Ingredients for “Navajo” Corn Cakes

1/2 (12 ounce) package silken tofu
1 1/2-2 cups water
salt and pepper, to taste
1 cup cornmeal (I like Bob’s Redmill brand)
oil or vegan margarine, as needed for frying
1 (15 ounce) can black beans
guacamole (or mashed avocados), to serve
vegan sour cream, to serve
1-2 jicama, peeled and sliced into strips or sticks

“Navajo” Corn Cakes, How to Make

1. Blend tofu, water, salt, and pepper in a food processor. The thickness can vary based upon preference, but I usually aim to keep mine just slightly thicker than soymilk.
2. Place the cornmeal in a bowl.

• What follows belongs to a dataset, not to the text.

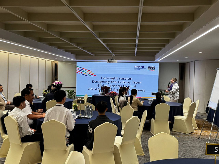 В ходе форсайт-сессии «Проектирование будущего: от глобальных трендов к совместным проектным инициативам БРИКС–АСЕАН» участники проанализировали ключевые тенденции развития молодежного предпринимательства, включая применение искусственного интеллекта, развитие креативной экономики и новые форматы международного взаимодействия. Особое внимание было уделено разработке конкретных проектных инициатив в образовательной, социальной, культурной и инновационной сферах, а также определению первых шагов по их практической реализации. Итогом работы стала подготовка дорожной карты с перечнем совместных проектов и поэтапным планом их внедрения, направленным на развитие молодежного предпринимательства в пространстве АСЕАН–БРИКС.

Add the tofu mixture and blend thoroughly by hand. Heat the oil or margarine in a pan. Spoon the cornmeal batter into the pan in 3-4″ diameter circles.
3. Keep the heat at medium so that the cakes cook through without burning the pan or overcooking the bottom. Flip at the same point you would a pancake.
4. While the corn cakes are cooking, heat the black beans on low-medium heat on the stove. Serve corn cakes topped with sour cream, guacamole (or avocado mash/slices), and black beans.
Whether or not this is an authentic Navajo recipe is debatable. I doubt it, but it’s certainly very good. You could throw some salsa on with the other toppings if you like.
Source of recipe: This is loosely based upon the “Navajo corn cakes” served at one of my father’s favorite restaurants. I have no idea how they make theirs, or if it’s really a Navajo recipe, but these taste great and are vegan.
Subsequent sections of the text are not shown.